A aceitação da denúncia gerou um debate. Há quem acredite que, protegido pela imunidade parlamentar, um deputado ou senador pode falar o que lhe der na veneta. Não me alinho entre estes. Bolsonaro não expressou uma opinião. Tratou o estupro como uma dádiva que ele próprio dispensaria apenas às mulheres que ele considera distintas.
Maria do Rosário é o símbolo de boa parte das coisas que repudio em política: da ideologia ao estilo. Mas isso não desculpa a estupidez dita pelo oponente. Ademais, a ofensa foi dirigida a Rosário porque ela é mulher, mas não só a ela: todas as mulheres são, então, alvos potenciais da barbaridade, muito especialmente as que Bolsonaro considera distintas.
Não existe direito absoluto. Qual é a diferença entre dizer que uma mulher não merece ser estuprada — porque não reuniria as qualidades para tanto — e afirmar que uma criança não merece ser molestada pelas mesmas razões? A liberdade de expressão e a imunidade parlamentar não conferem a ninguém o direito de cometer crimes ou de usar a palavra para naturalizá-los.
Bolsonaro é alvo de outro processo, este no Conselho de Ética da Câmara, por apologia da tortura. Ao votar a favor do envio da denúncia contra Dilma Rousseff para o Senado, disse que o fazia em memória do coronel Carlos Alberto Brilhante Ustra, reconhecido pela Justiça brasileira como torturador.
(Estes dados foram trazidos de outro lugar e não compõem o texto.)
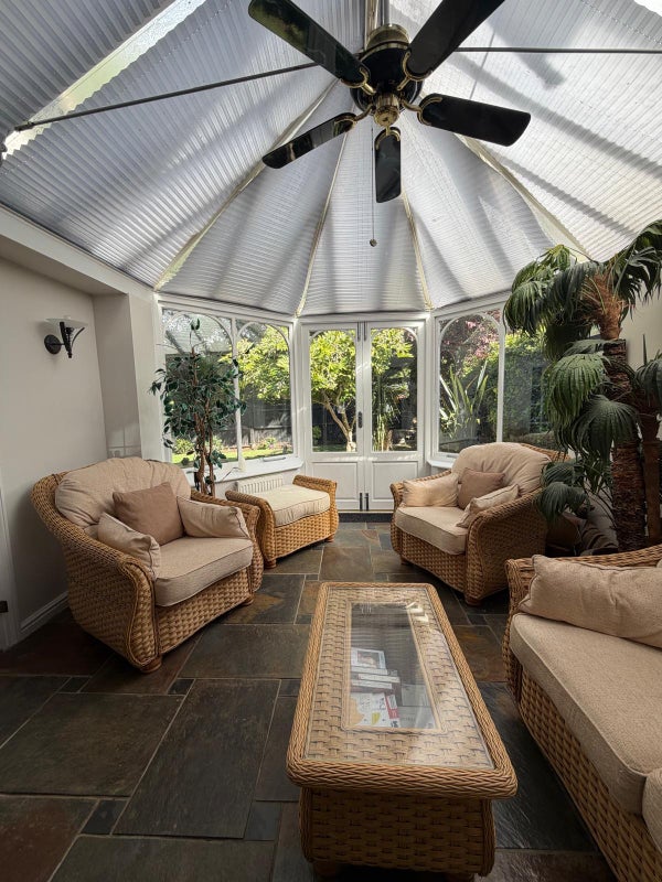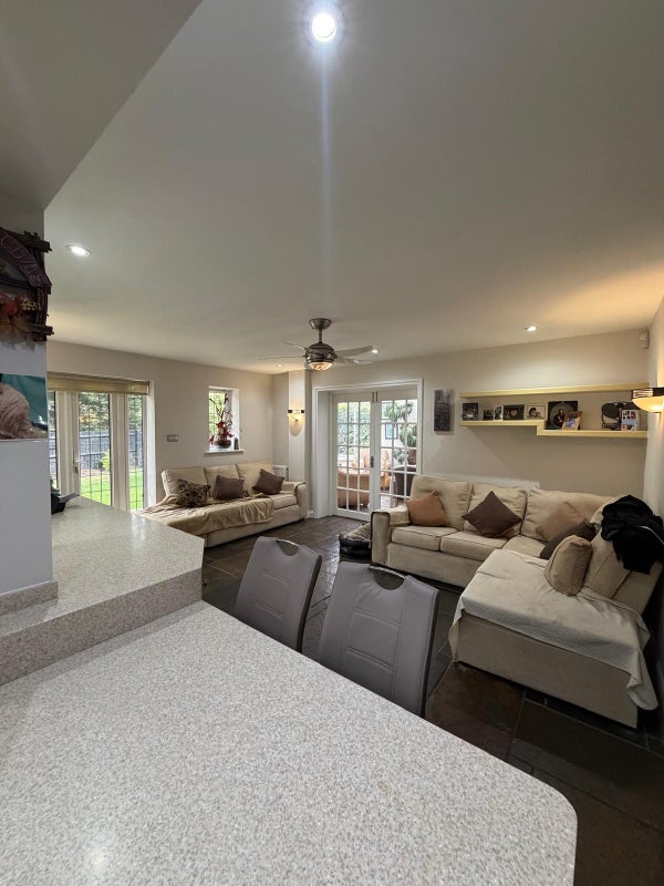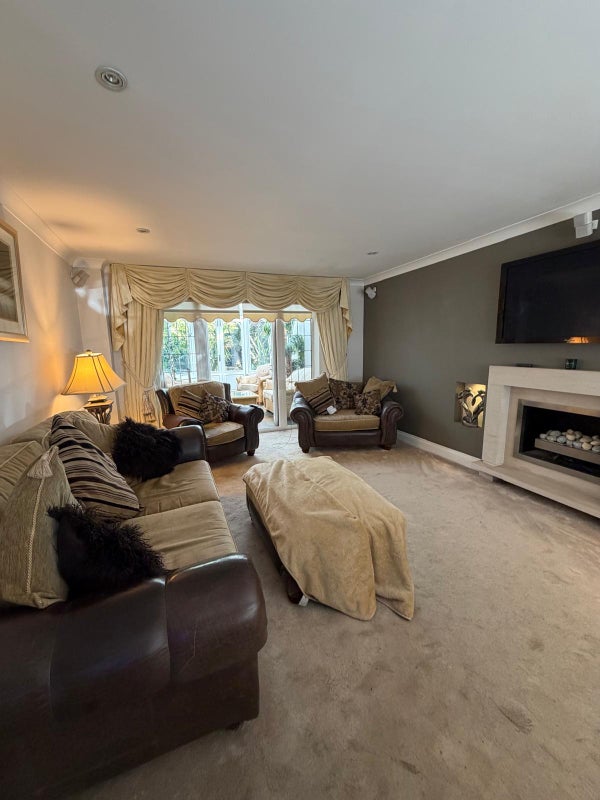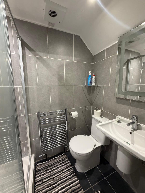 The room is offered furnished and benefits from its own private en-suite bathroom, providing comfort and privacy. The property itself is a substantial home, featuring three separate lounge areas, a large two-part kitchen, and well-kept communal spaces designed for comfortable shared living.

Apoio ambas as ações. Nos dois casos, o deputado não foi ainda condenado. Resta-lhe a chance de tentar convencer seus julgadores de que não fez nem a apologia do estupro nem da tortura; que quis, na verdade, dizer outra coisa. O que teria sido? Não posso imaginar. E há também uma tentativa de saída: desculpar-se.
Por enquanto, a gente vê que ele toma a trilha oposta. Prefere mobilizar seus seguidores — em número bastante reduzido, como se viu — para tentar intimidar a Justiça. Não me parece uma boa escolha. Mas não serei eu a convencer o parlamentar a fazer boas escolhas, não é mesmo?
No texto de convocação no Facebook para a manifestação em favor de Bolsonaro, lia-se: “Está mais que claro o STF está sendo meio da ação revolucionária e perseguirá qualquer político que agir contra essa malfadada revolução”.
Trata-se de uma daquelas bobagens típicas do sedizente “professor e filósofo” Olavo de Carvalho. Que revolução?
O senhor Carvalho está convicto de ser o grande pilar contra a suposta comunização do Brasil e tem a certeza de que, não fossem seus escritos e seus sectários, Dilma não teria nem mesmo sido afastada — embora ele próprio tenha escolhido como alvos de sua fúria todas as forças que concorreram para afastar a petista da Presidência.
Neste domingo, vimos a força da dupla Carvalho-Bolsonaro: umas 300 pessoas em São Paulo e umas 100 no Rio. Estivesse em curso uma revolução comunista no Brasil, como querem esses gênios da raça, ela já teria saído vitoriosa por falta de adversários.
Os dias que correm não são interessantes apenas porque apearam do poder a cleptocracia. Também serviram para desmoralizar a extrema direita antediluviana, expondo o ridículo de suas teses. O anticomunismo profissional, que vira uma fonte de renda, é tão estúpido e miserável como o esquerdismo mais primitivo. E se merecem.
PS – Ah, sim: continuo a esperar que alguém tenha a clareza de denunciar o deputado Glauber Braga (PSOL-RJ), que votou contra o envio do processo ao Senado evocando a memória do assassino comunista Carlos Marighella. A diferença entre ele e Bolsonaro é só de lado, não de apreço pelo crime. De resto, vamos ser claros: nem um nem outro participaram de ações armadas. Não passam de uns faroleiros. Mas tornam o Brasil menos civilizado.